(PROVIDED DATA):
★ ★ ★ ★
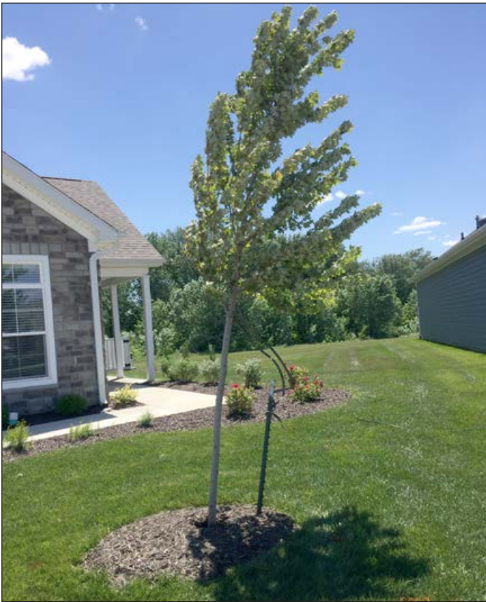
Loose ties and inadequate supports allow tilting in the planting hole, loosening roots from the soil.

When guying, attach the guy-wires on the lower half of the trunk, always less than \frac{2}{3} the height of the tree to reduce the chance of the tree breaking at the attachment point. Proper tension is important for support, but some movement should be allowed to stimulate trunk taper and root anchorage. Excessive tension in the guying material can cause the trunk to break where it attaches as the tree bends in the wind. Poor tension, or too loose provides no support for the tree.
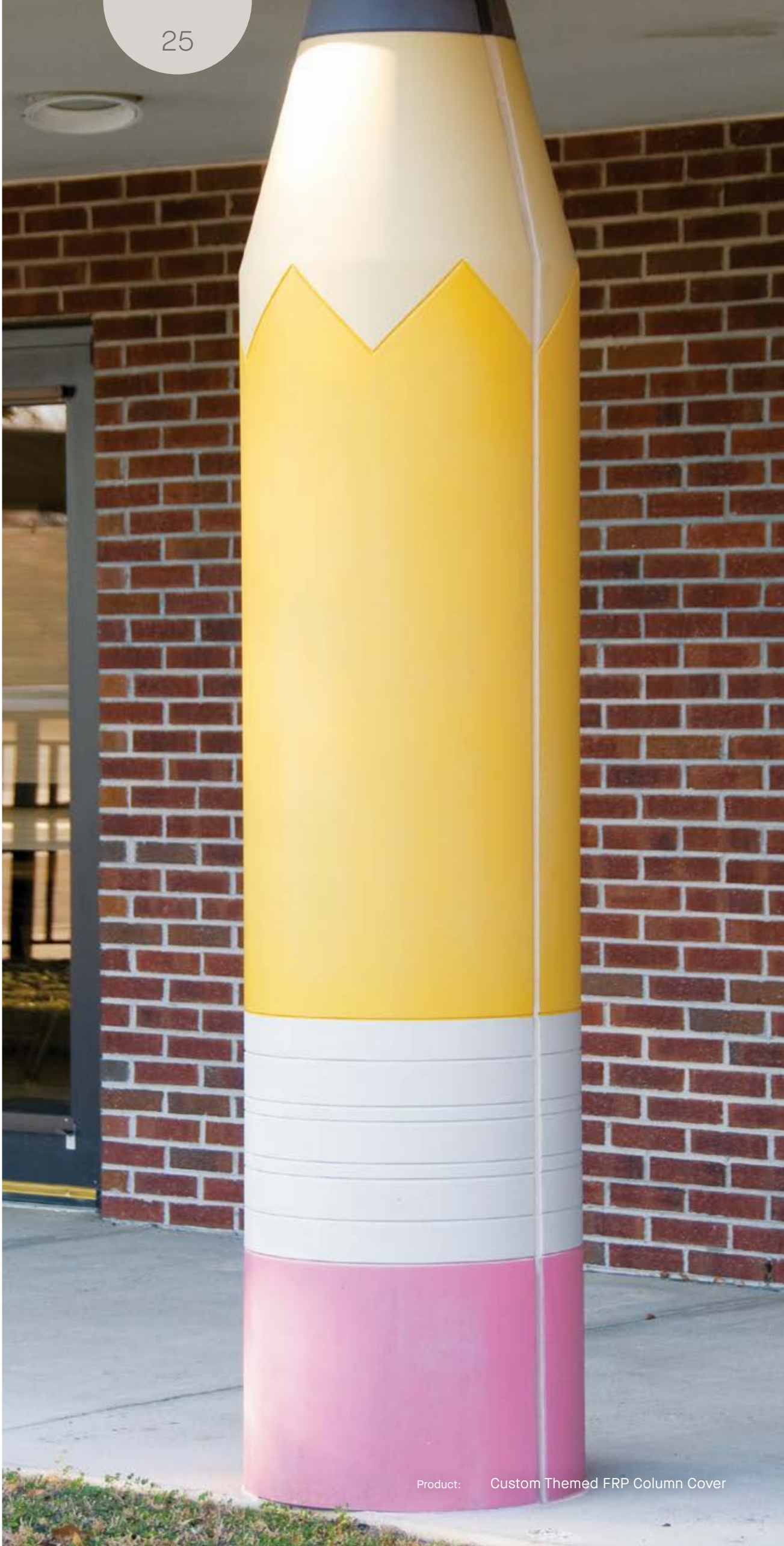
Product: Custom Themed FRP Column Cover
★ ★ ★ ★
(INSTRUCTIONS FOR THE TASK):
Output the listing exactly, without images.

(EXERCISE ANSWER):
Loose ties and inadequate supports allow tilting in the planting hole, loosening roots from the soil.

When guying, attach the guy-wires on the lower half of the trunk, always less than \frac{2}{3} the height of the tree to reduce the chance of the tree breaking at the attachment point. Proper tension is important for support, but some movement should be allowed to stimulate trunk taper and root anchorage. Excessive tension in the guying material can cause the trunk to break where it attaches as the tree bends in the wind. Poor tension, or too loose provides no support for the tree.
Product: Custom Themed FRP Column Cover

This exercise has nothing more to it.